British oil companies are to carry out oil explorations in Sri Lanka, press reports quoted the country’s Development and Investment minister, Sarath Amunagama, as saying. The agreement was reached following a series of high-level discussions he held with leading oil companies during a visit to London, the LankaTribune reported.
Meanwhile, describing the human rights situation in Sri Lanka as “deeply worrying”, British Development Trade and Development minister, Gareth Thomas, said his government was pressing Sri Lanka to respect human rights.
Addressing a Tamil community meeting in Harrow, Mr.
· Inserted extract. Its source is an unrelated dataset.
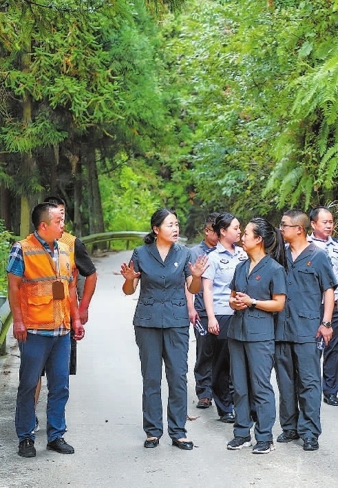 近日,重慶市黔江區(qū)人民法院干警前往黔江區(qū)馬喇國(guó)有林場(chǎng)管護(hù)站、護(hù)林點(diǎn),對(duì)森林防火卡口和護(hù)林站點(diǎn)人員值守、消防預(yù)警機(jī)制等開展走訪調(diào)查,深入林區(qū)為農(nóng)戶宣講森林防火、森林生態(tài)環(huán)境保護(hù)等法律知識(shí),營(yíng)造全民共護(hù)森林的良好氛圍,筑牢武陵山區(qū)生態(tài)屏障。圖為干警在林區(qū)走訪調(diào)查。(本報(bào)記者 劉洋 本報(bào)通訊員 楊非 攝)

Thomas, who is also the local MP, said “the scale of the human rights abuses – abductions, extra-judicial killings, etc – is deeply worrying.”
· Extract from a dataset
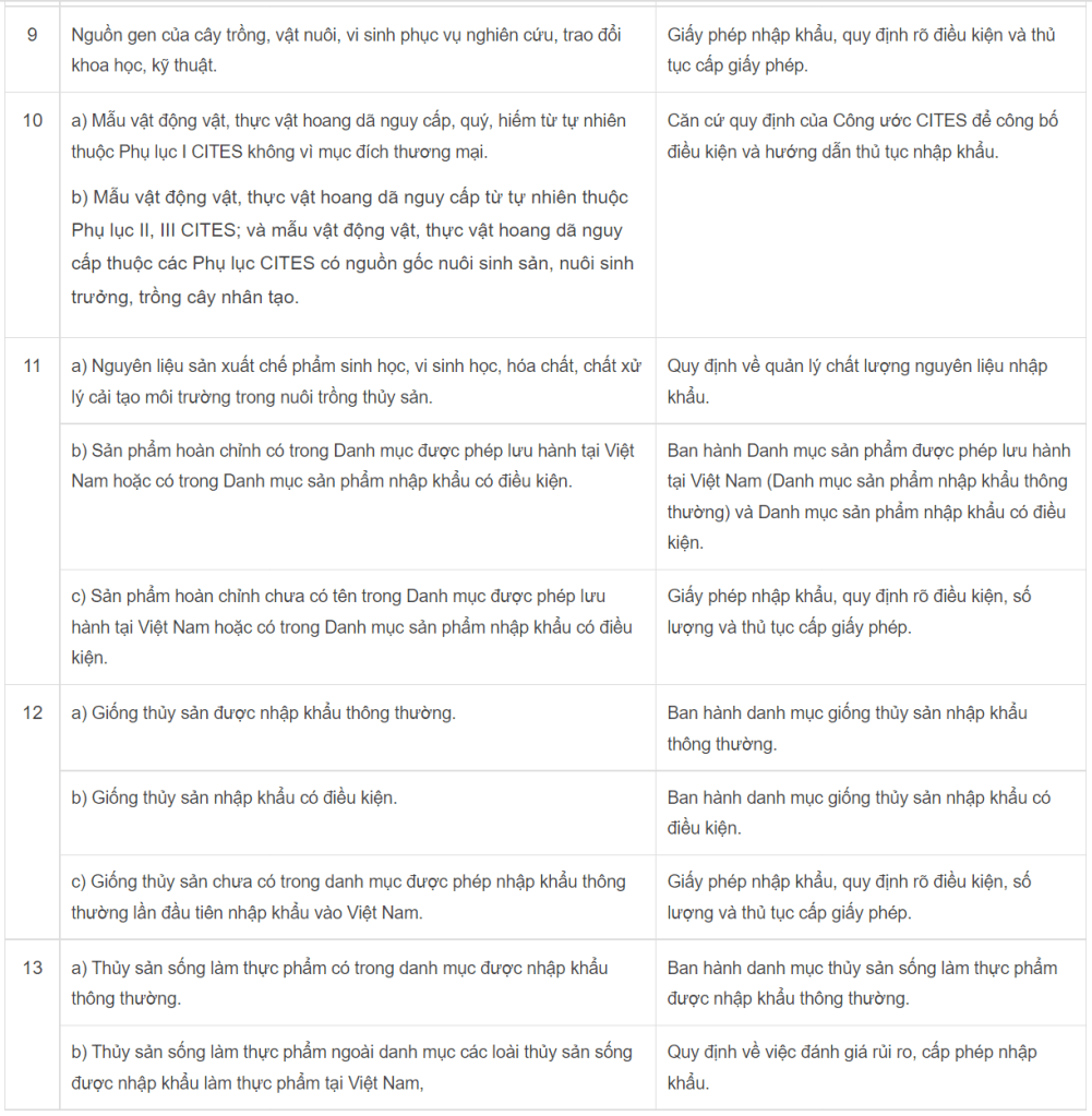III. DANH MỤC HÀNG HÓA XUẤT KHẨU, NHẬP KHẨU THEO GIẤY PHÉP, ĐIỀU KIỆN THUỘC PHẠM VI QUẢN LÝ CỦA BỘ NÔNG NGHIỆP VÀ PHÁT TRIỂN NÔNG THÔN

He said he was “particularly concerned” by the actions of “government and paramilitary forces connected with the government.”
In May, he had decided to withhold some of the UK’s aid, he said. However, since then, the situation has not improved, he noted.
In May, the UK cut half its annual aid – about #1.5million or $3million. However, Sri Lanka’s Defence Secretary Gothabaya Rajapakse derided the move. Sri Lanka’s defence budget is over $1.3 billion.
In the first three months of 2007, Britain sold GBP7 million worth of arms to Sri Lanka.
Mr. Thomas said the UK “believes there has to a peace process [in Sri Lanka] and that peace process has to be based on respect for human rights.”
“A solution has to come from inside Sri Lanka,” he said. “People should be able to sit as equals [and talk].”
Earlier in September, Sri Lanka Development and Investment minister, Sarath Amunagama, announced British oil firms would be exploring oil in Mannar.
He made his comments whilst speaking at the ‘Mannar Basin Oil Exploration Roadshow’ held in London, the Lanka Tribune newspaper said.
Sri Lanka will find “the missing link” in its growth trajectory with the discovery of oil and gas, the minister said.
“We look forward to very close cooperation between our country and the British government as well as British government. We are about to launch a new milestone in the history of Sri Lanka,” Amunagama said.
It was appropriate that Sri Lanka begins its promotion for the Mannar Basin exploration in the UK, as both countries had been friends “for many centuries,” he said.
Sri Lanka has already allocated four blocks in the Mannar Basin, two each to India and China on a preferential basis.
The Colombo government is to lead the project to explore oil there with the state-owned Ceylon Petroleum Corporation also expected to take on two blocks with foreign assistance, the paper said.